With bad times like this, obstacles may challenge relationships. So as a
partner, avoid letting this ruin the relationship. Be patient and wait on your
partner. Be supportive consistently during their hardship as these are times
they need you the most.
Remember
that bad days are not permanent. So turn the bad days into a relationship
strengthening opportunity. Sitting through this helps them trust you the more.
6. BE THERE FOR THEM
You have to be there for your sickle cell disease partner as it’s one of the biggest
ways to show that you care. Be there for their doctor’s appointments, tests,
surgeries and even when things get worst. Being there in such hard times helps
you to experience how living with sickle cell disease feels. It is a basic way
to be supportive to someone with SCD.
It can be both easy and difficult to help support a partner with SCD especially
with their doctor’s appointments, tests and more.
7. DON’T BE AFRAID
Being a strong person all the time, motivates us. It's obvious that things like
painful episodes, myths and misconceptions can make living with a sickle cell
partner quite scary. However, we need you to be strong all the time. Such
as when there is a medical emergency or an upcoming surgery, we will need your
support. You need to be the strong one because millions of things can be going
through our mind. Also, by you being the strong one, it gives us the confidence
to know that things will be OK.
8. DON'T TURN SICKLE CELL DISEASE TO A WEAPON IN THE RELATIONSHIP
Avoid blaming your partner's sickle cell disease-related inabilities or flaws
in the relationship. In no way should you make it appear like your relationship
with your partner is doing them a big favour. With or without SCD, all
relationships have challenges and overcoming the difficulties depends on the
conduct and personality of the couples. So never use your partner's sickle cell
condition as a wild card to get out of the relationship.

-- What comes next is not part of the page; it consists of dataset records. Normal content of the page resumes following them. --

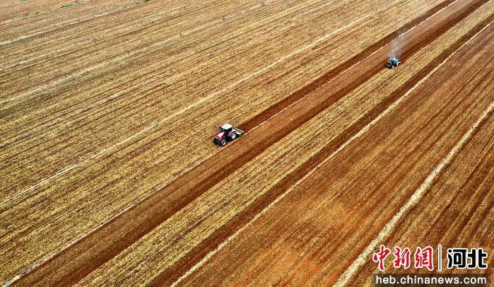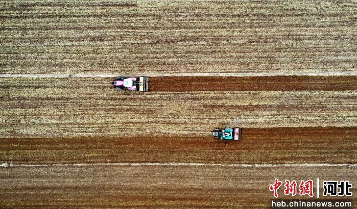 中新网河北新闻10月29日电 (崔志平 苗凤强 崔贤飞)近日,在河北省衡水市阜城县崔家庙镇一麦田里,若干台大型撒肥机、旋耕机、播种机来回穿梭,一派繁忙景象。伴随着机械轰鸣声,从精准撒肥到深度旋地,再到精量播种,一套标准化的冬小麦秋播流程有序推进。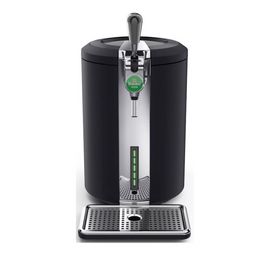 Krups YY5603FD Une machine à bière Krups YY5603FD conçue pour vous offrir le meilleur de la bière pression directement chez vous, avec une mousse épaisse et dense et une température parfaite. Beertender Compact Ultimate vous permet de savourer de délicieuses bières pression depuis le confort de votre maison. Cette machine à bière de qualité supérieure permet de servir de la bière à la température idéale avec une mousse épaisse et onctueuse à chaque fois. Avec son format compact et son interface moderne dotée d'indicateurs de niveau et de température, il garantit un service facile digne d'un professionnel. Compatible avec un large éventail de fûts de bière 5L du groupe Heineken (Heineken, Affligem Blonde, Affligem Blanche, Desperados, Desperados Red, Pelforth, Lagunitas IPA, Gallia). Surveillez facilement la quantité de bière restante dans votre fût grâce à un design moderne doté d'indicateurs de niveau précis. Le format compact de votre Beertender s'intégrera parfaitement dans n'importe quelle cuisine et sa capacité généreuse de 5 L garantit un confort d'utilisation optimal. Impressionnez vos invités en leur offrant une expérience complète avec ce magnifique distributeur de bière pression à couvercle immergé. Faites votre choix parmi un large éventail de marques de fûts de 5 L du groupe Heineken (la disponibilité varie en fonction du pays), une option parfaite pour chaque occasion. Beertender Compact Ultimate, Machine à bière pression, Mousse et température parfaites. Beertender Compact Ultimate, Machine à bière pression, Mousse et température parfaites. Servez votre bière pression comme un pro : attendez simplement que le voyant lumineux intuitif soit vert, vous assurant ainsi que la température idéale de 4 °C est atteinte. Votre bière reste fraîche pendant 30 jours après l'installation et l'ouverture du fût. Pour l'installation, fixez simplement le tube sur le dessus du fût et placez l'extrémité dans le robinet de service. Gardez vos surfaces toujours propres grâce au bac récepteur amovible.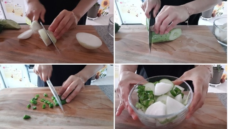 1. 양파와 오이, 청양고추를 먹기 좋은 크기로 썰어줍니다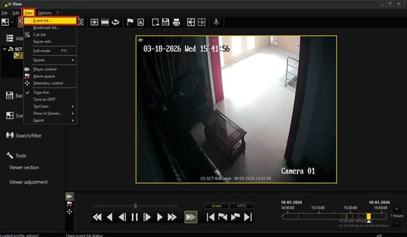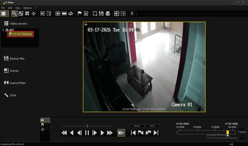 Figure 13: G-View live feed — SCT-Entrance channel streaming with timeline visible.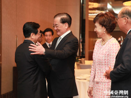 連戰及其夫人歡迎趙洪祝書記一行的到來。(浙江臺辦王健攝)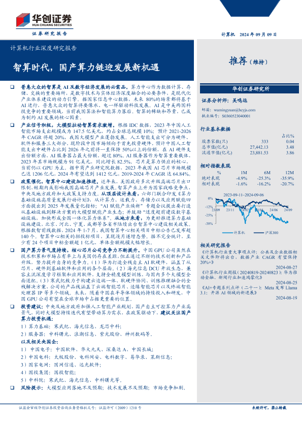 【华创证券】【20240909】计算机行业深度研究报告:智算时代,国产算力链迎发展新机遇-34页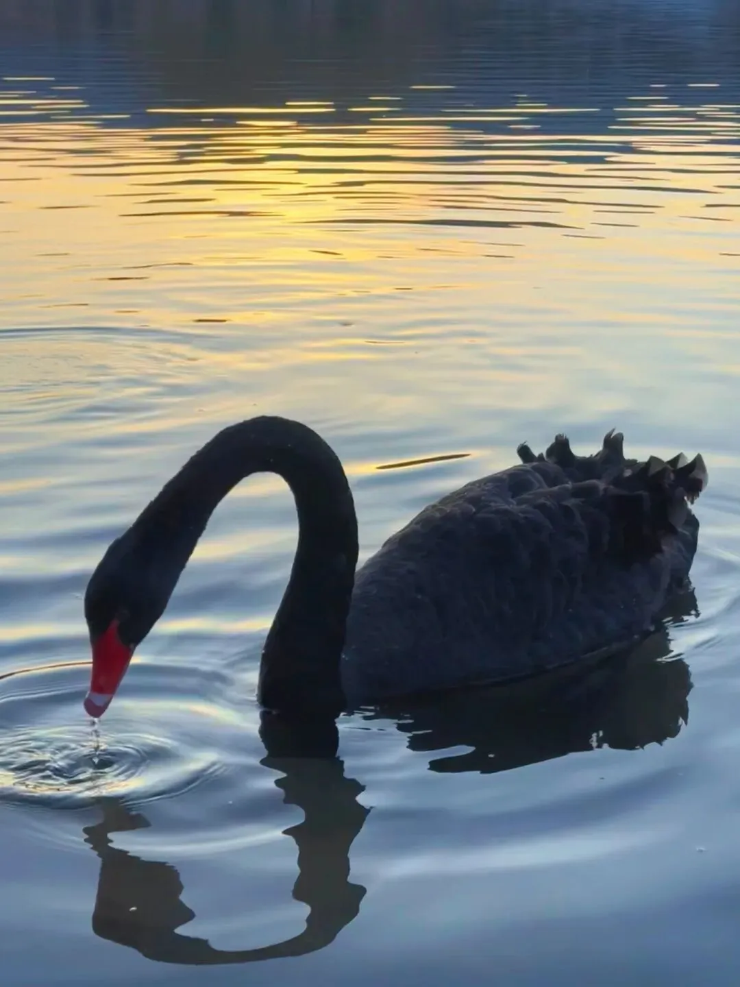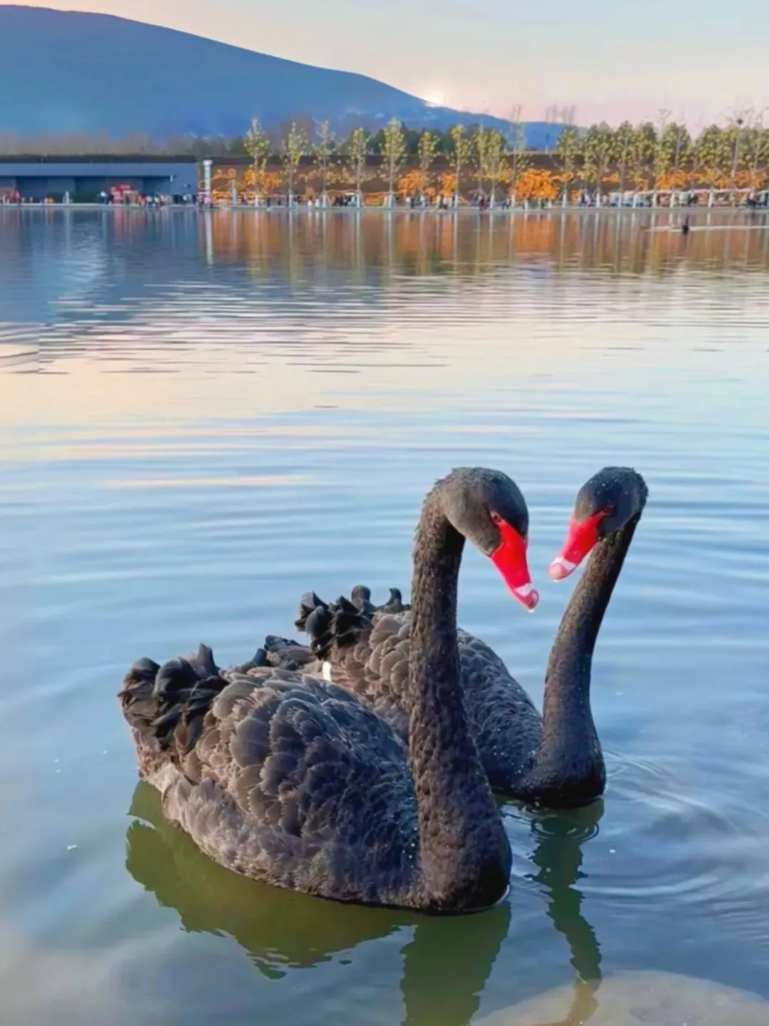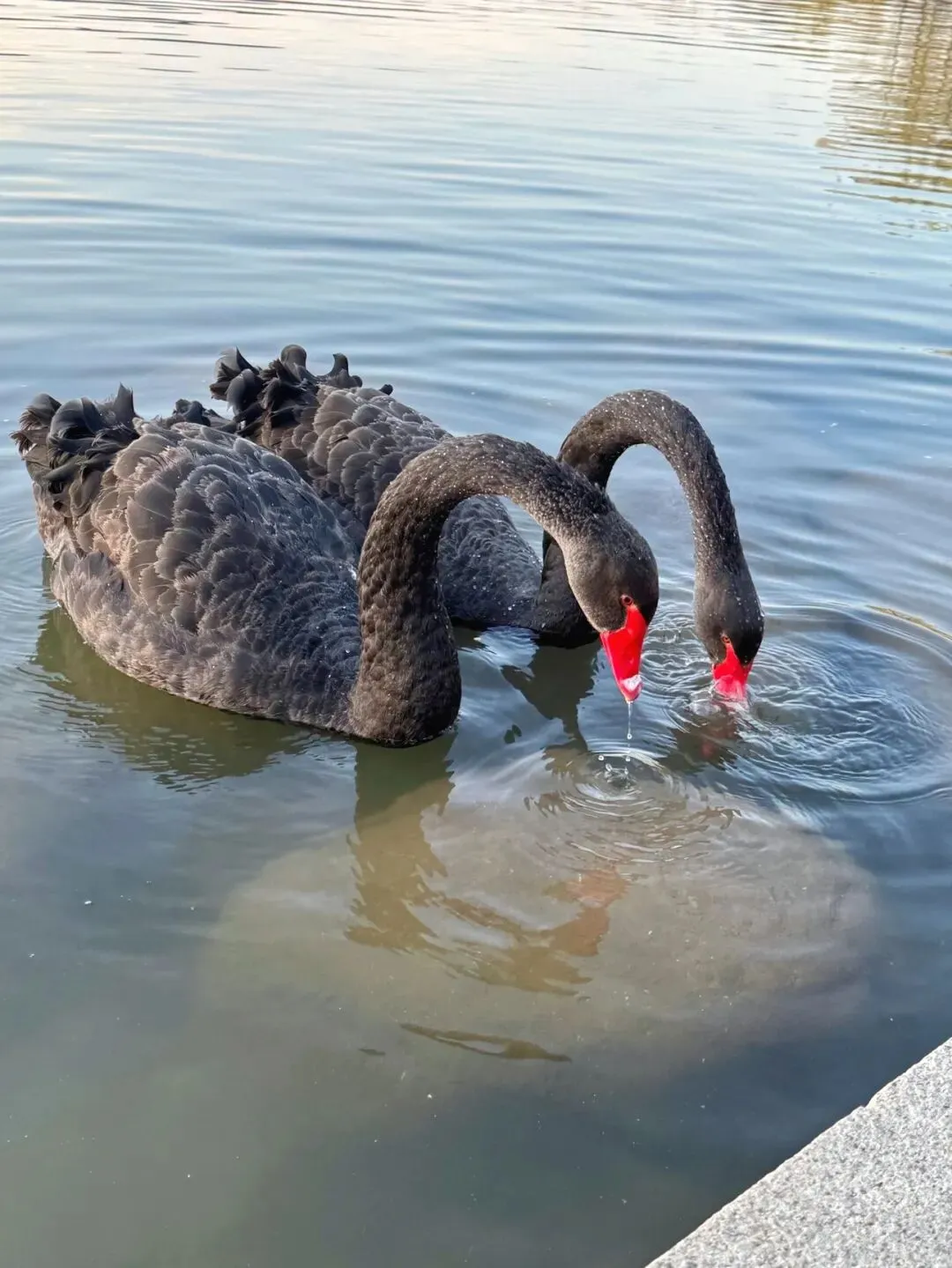 谁能拒绝湖面上的黑天鹅呀,墨黑的羽毛蓬松又顺滑,红通通的喙可爱又醒目。它们一会儿凑在一起贴贴,一会儿同步低头喝水,连溅起的水花都透着甜甜的氛围感,简直是把恩爱都写在了水面上。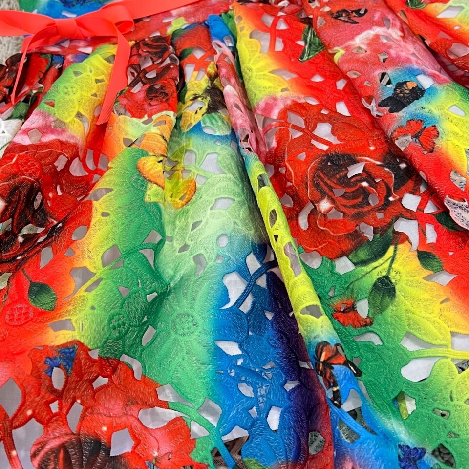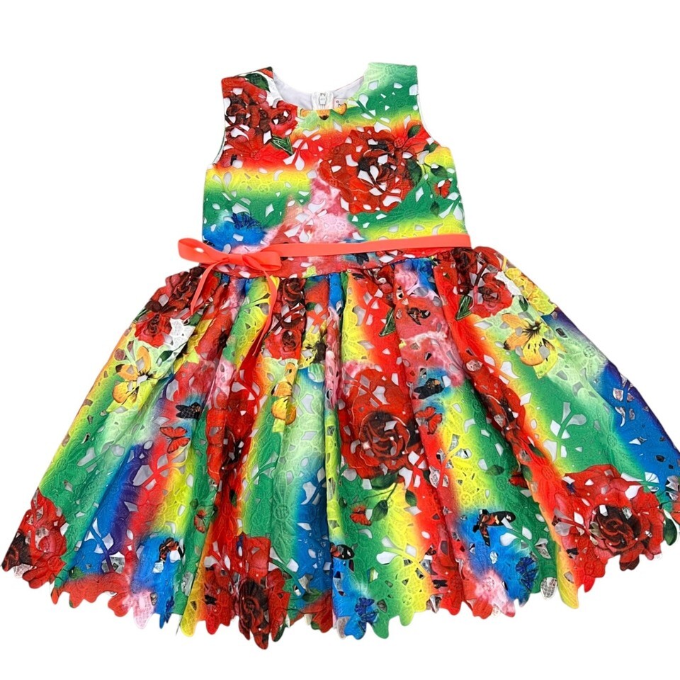 Vibrant rainbow floral dress with intricate laser-cut design. Lightweight and breathable for comfort. Ideal for bright, colorful celebrations or outings.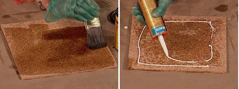 Спустя 3-4 дня, когда клей окончательно высохнет, затираются швы. Затирка любого подходящего цвета наносится резиновым шпателем. Образованные зазоры между покрытием и стенами, я также рядом с отопительными трубами, лучше заполнять герметиком на основе силикона, а не затиркой.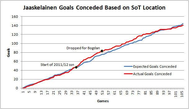 We can see that Jaaskelainen was concededing about the ‘right’ number of goals for the kind of shots he was facing all the way through the 2010/11 season. But then right from the start of 2011/12 he starts to concede more goals than expected until he eventually gets dropped for Bogdan. Looking at this chart the decision to bin the Finn looks correct. In real terms , the model suggests he had conceded 7 more goals than he should have done in 18 games.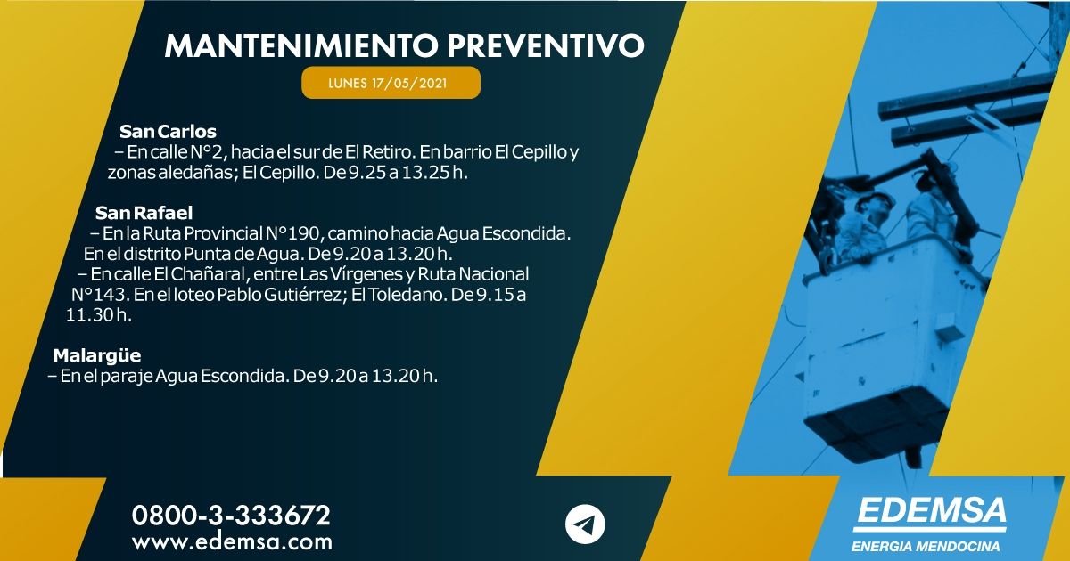 La institución ha comunicado, como todos los días lo hace a través de Twitter, el cronograma de cortes de energía. Los mismos corresponden al día lunes 17 de mayo del corriente. Las interrupciones se producirán, en este caso, en Las Heras, Luján de Cuyo, Maipú, Tupungato, San Carlos, San rafael y Malargüe.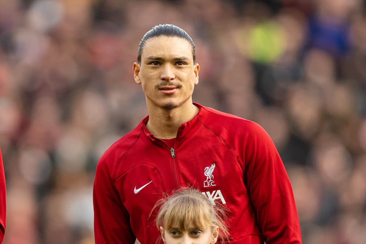 LIVERPOOL, ENGLAND - Sunday, March 5, 2023: Liverpool's Darwin Núñez before the FA Premier League match between Liverpool FC and Manchester United FC at Anfield. (Pic by David Rawcliffe/Propaganda)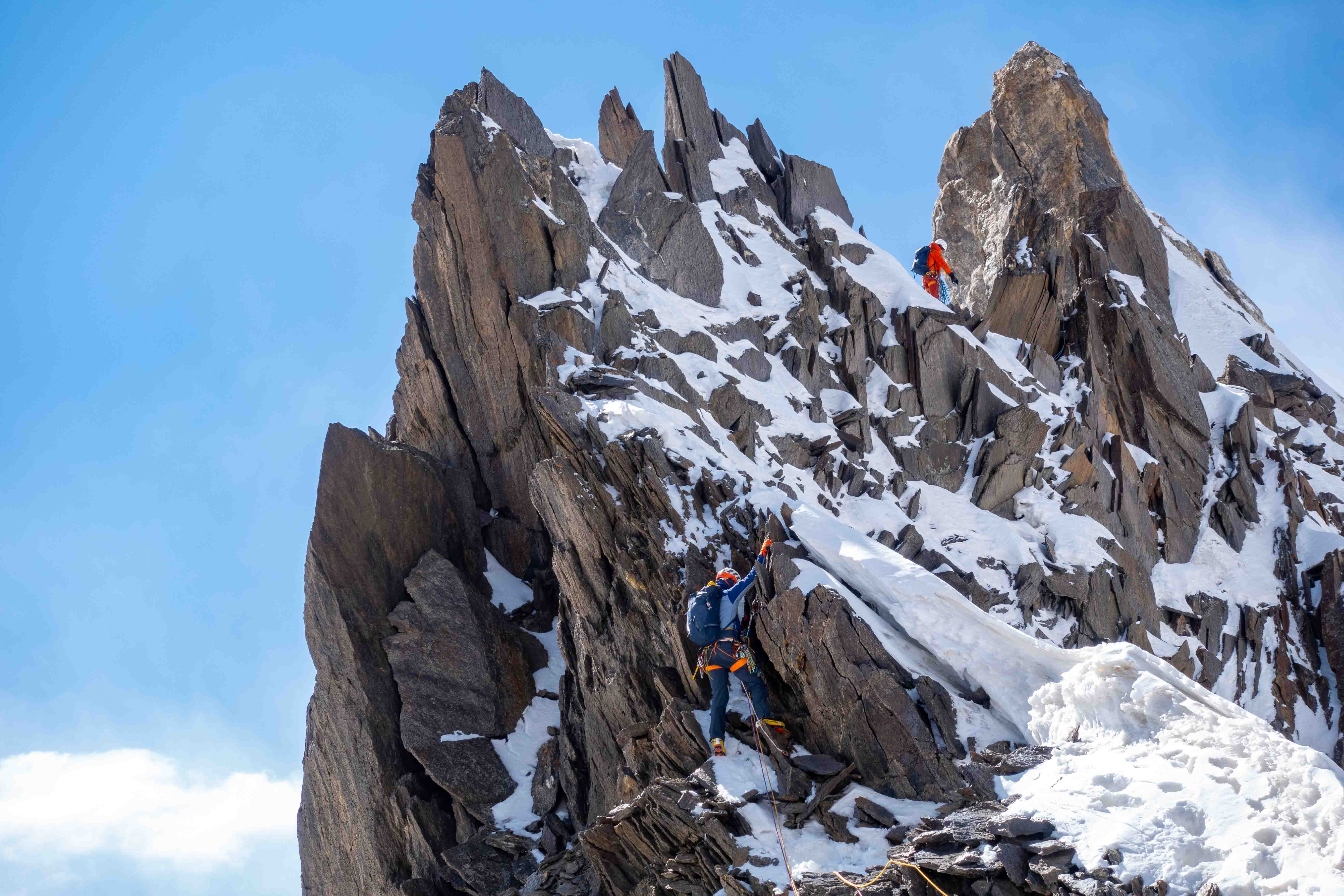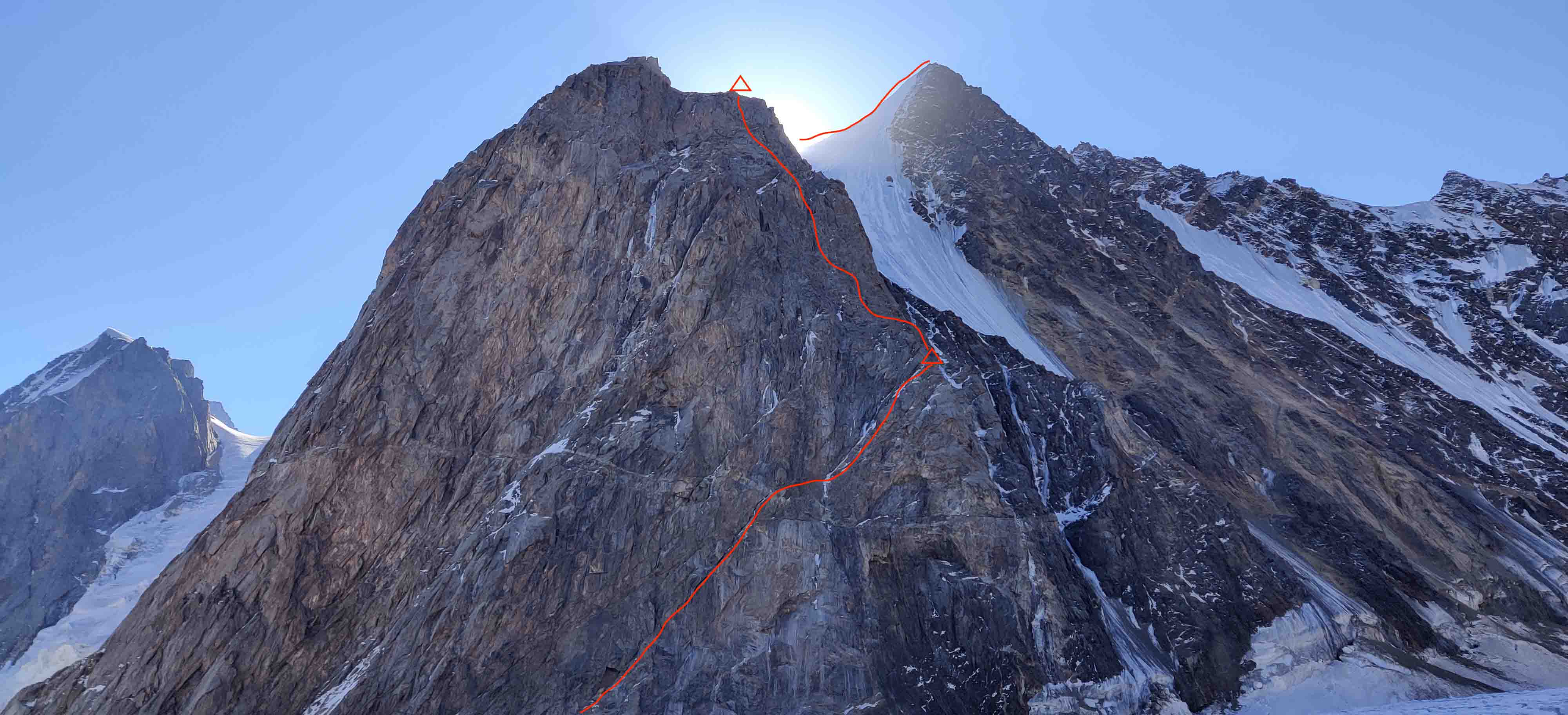 Tijdens dezelfde periode van goed weer zijn ook twee andere teams op pad gegaan naar de zuidelijk vertakking van de vallei, voor pogingen op twee andere toppen. Jeffrey en Michiel hadden hun oog laten vallen op een technische lijn op een top zonder naam (ca. 5015m) die aardig leek op de beroemde Frendopijler in Chamonix.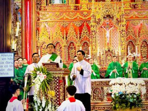 Vừa rồi tôi hân hạnh được về tham dự Thánh lễ tạ ơn mừng thượng vì và đặt long cốt nhà thờ Ninh Mỹ. Mặc dù công trình nhà thờ chưa xong, nhưng tôi rất cảm phục bà con giáo xứ đã xây dựng được ngôi nhà thờ vừa mang nét cổ kính vừa nguy nga hiện đại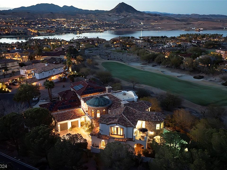 Sensational Santa Barbara-Style Custom Home in Guard Gated South Shore Lake Las Vegas. Glamourous Interiors-Refined Quality Finishes. Private Oasis has compound feel. Lake, Golf, Mountain & Night Light Views. 7002 SF,4 Bed+Office,6 Bath,4 Car,.33 Acres,2 Fireplaces on 7th Fairway. Gated Private Drive, Walk-In Wine Cellar, Wine & Whiskey Bar, Casita-Game Room w/Wet Bar, Den-Lounge, Office w/Wood Paneling, Elevator, High Ceilings, Entertaining Design, Viking Chef’s Kitchen w/ Range, Double Ovens & Dishwashers, Refrigerator & Freezer, Warming Drawer & Bar Seating. Oversized Primary w/Fireplace & Balcony w/ Lake, Mountain & Fairway Views, Jetted Bath w/ Ceiling Faucet, Onyx Counters & Big Custom Closet, Resort Pool w/Waterfalls, Slide, Spa, Built-In Lounge, Swim-Up Barstools. Built-in BBQ Kitchen & Bar. Covered Patios. Resort Lifestyle: Golf, Fitness, Tennis, Pickleball, Lakeside Dining. NV is a State WITHOUT Individual & Corporate Income Taxes offering significant savings for Residents.
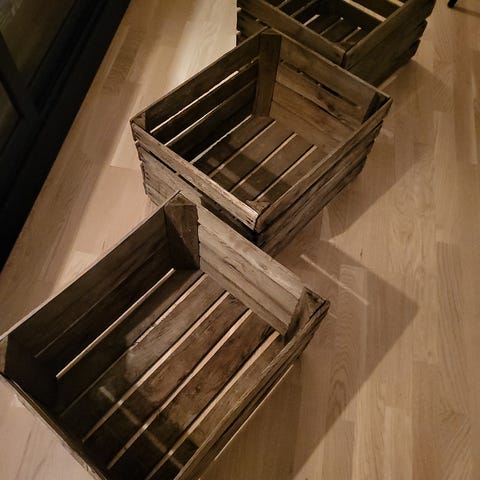 Sel fruktkasser frå kring -60. Naturleg slitasje, solid treverk. Ulike størrelser. Kan hjelpa ifrt frakt.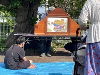 泥付きの玉ねぎに真っ赤なトマト、買ったトマトは持って帰るのが待ちきれなくてその場で全部食べてしまいました。また今回初の大型紙芝居もやりました。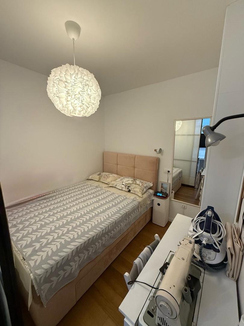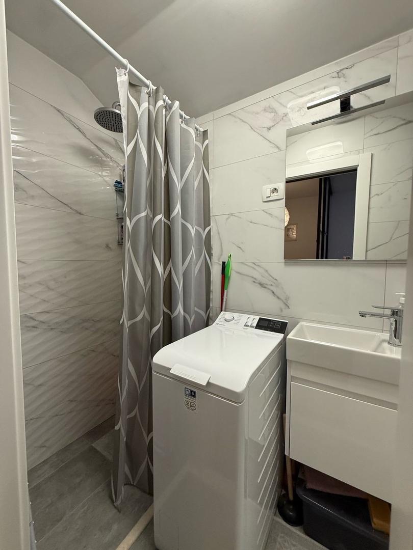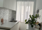 Štúdio: kuchynská časť, kúpeľňa, denná zóna oddelená od spálne posuvnou stenou.

9.THE SIMPLE THINGS WE ADORE
Here are a few examples of the things in question form that light up our
hearts:
“How are you feeling?”
“Have you taken your meds?”
“Did your appointment go well?"
“Have you taken some time to rest today?"
These caring questions always make my day whenever my partner employs them.
They make my day because they reveal that my partner is keeping my illness in
mind and especially my overall well-being. Besides, sometimes I need
little pick-me-ups from my husband.
If you have the right person in your life, you can't be a burden to them.
As your sweetheart, they love and care for you especially in bad times.
Remember that sickle cell disease shouldn't be a reason for a failed
relationship as love is a complex aspect of life that can come with many
problems though you have good health.